ImSorrytoHear.com has a fantastic comprehensive list of actions to take after a loved one dies. We’ve incorporated some of that list below for you to consider.

For General Preparation

  • Notify authorities of the death if it has occurred outside a hospital, hospice, or nursing home
  • Assemble personal information for the death certificate and obituary
  • Notify family and friends – You have to decide what’s the best way to let people know that your loved one haspassed on. Sometimes calling may be appropriate for those closest. In thisage, sometimes social media surpasses us, so you may have to instruct people not to post of your loved one’s passing on outlets such as Facebook and Twitter without your permission.
  • Locate and read the last Will and Testament
  • Take care of financial needs as suggested as the New York City Department of Consumer Affairs.
    • Locate the family’s important papers, including wills, life insurance policies and stock certificates.
    • Call employee benefits office with deceased’s personal information
    • Notify Medicare.
    • You can get death certificates, and request multiple copies of it, by calling the NYC Department of Health (212) 788-4250, though your funeral director can also assist you with this.
    • Notify Social Security by calling (800) 772-1213.
    • Investigate whether you can get emergency cash before insurance claims are paid.
    • If your loved one served in the U.S. military, call the Veterans Administration at (800) 827-1000.
    • Avoid spending large sums of money while you’re in an emotional state. Consider taking a friend along with you during your funeral planning.
    • Contact a financial counselor.
  • Choose a charity for donation in lieu of flowers (if requested).
  • Gather photos and memorabilia for display.
  • Gather cemetery information such as deed to the plot and receipt of purchase.

Funeral Preparation

  • Decide what kind of service you will have. The services can include variations of the services below.
    • Traditional funeral with burial
    • Traditional funeral with cremation
    • Direct burial (no viewing or funeral service)
    • Direct cremation (no viewing or funeral service)
    • Memorial service with burial
    • Memorial service with cremation
  • Determine who will pay the costs of the service.
  • Select a funeral director.
    • In New York, state law says you must have a funeral director to handle all of the arrangements of preparing and transporting your loved one’s remains for cremation or burial and filing the death certificate. No matter what your religion or culture is, be prepared to seek out the assistance of a funeral director.
  • Select your funeral home.
    • Be sure to shop around and check various prices for the services you have selected. By federal law, the funeral home must provide you with a general price list.
    • Have an idea of the clothing and jewelry you want yourloved one to wear, which can include special pins for membership and various associations or other accessories that may have been special to them.
  • Select clergy.
  • Select speakers for the eulogy.
  • Select pallbearers (typically 4-6).
  • Consider catering food/options for after the funeral procession.

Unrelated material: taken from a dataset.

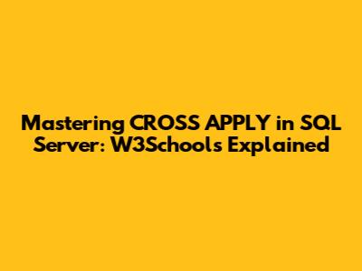 Hey everyone! Ever felt like you're wrestling with SQL Server, trying to pull off some really specific data maneuvers, and your usual INNER JOIN or LEFT JOIN just isn't cutting it? You're not alone, guys. That's where a super powerful, yet often overlooked, operator called CROSS APPLY comes into play. If you've ever dipped your toes into SQL learning, chances are you've heard of W3Schools as a go-to resource for explanations. While this article isn't a direct copy of W3Schools, we're going to break down CROSS APPLY in a similar, easy-to-understand fashion, making sure you grasp its true potential and how it can totally elevate your SQL game. This isn't just about syntax; it's about understanding why and when to use this bad boy to solve complex problems that traditional joins struggle with. We'll dive deep into its mechanics, compare it to what you already know, and walk through some practical examples that will make you say, "Aha!" By the end of this read, you'll not only understand CROSS APPLY but also feel confident applying it in your own queries, turning those tricky data challenges into satisfying triumphs. Get ready to add a seriously cool tool to your SQL toolkit, because once you get CROSS APPLY, there's no going back. It opens up a whole new world of possibilities for handling intricate data relationships and dynamic table-valued functions. So, let's stop just joining tables and start applying our way to better data solutions, making our queries more efficient and elegant. We're going to explore scenarios where this operator shines, demonstrating how it can simplify complex logic and provide results that would otherwise require multiple steps or cumbersome subqueries. Let's make sure you're not just writing SQL, but writing smart SQL!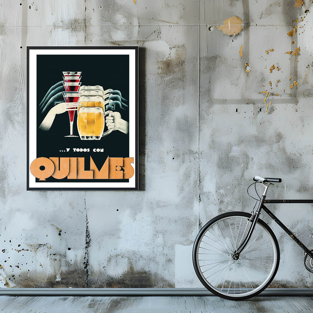This Vintage Quilmes Poster is a stunning example of Art Deco-inspired advertising, showcasing hands holding various drinks—wine glasses, cocktails, and beer mugs—all with a bold and artistic design. The colorful yet sophisticated aesthetic makes this vintage-inspired wall art a perfect addition to any space, whether you’re a fan of timeless art prints, retro home decor, or vintage drink ads.

There are several details of funeral planning that can make packages very costly. Here are some of the costs associated with purchasing caskets on ImSorrytoHear.com:

Metal Caskets

Metal caskets can range from $1,200 to more than $10,000. Experts say the breakdown includes standard/carbon steel caskets that range from $1,200 to $2,500. A stainless steel casket will range from $3,000 to $10,000-plus. A copper casket will also range from $3,000 to $10,000-plus and a bronze casket is the most expensive, clocking from $3,000 to $10,000-plus.

Wood Caskets

Experts say wood caskets can often be hand-crafted and can vary in selection, and pricing will vary depending on where the wood came from and the quality of the wood. Common hardwoods include poplar, cottonwood and pine and can range from $900 to $2,700. Standard hardwoods include oak, maple and cherry and can cost from $2,200 to $4,500. Premium hardwoods include walnut and mahogany, which can run from $5,000 to $10,000.

Burial Vault/Liner

A burial vault or liner is not required by law but they are often required by cemeteries. To help offset the cost of an average vault, which runs about $1,195, purchase a liner instead which runs from $400 to $800.

Personalizing Your Funeral Service

Once you have gotten through the basic checklist, you should be on track to make the service more unique and personal to honor your loved one. There are several ways that you can either follow tradition or create a different kind of experience.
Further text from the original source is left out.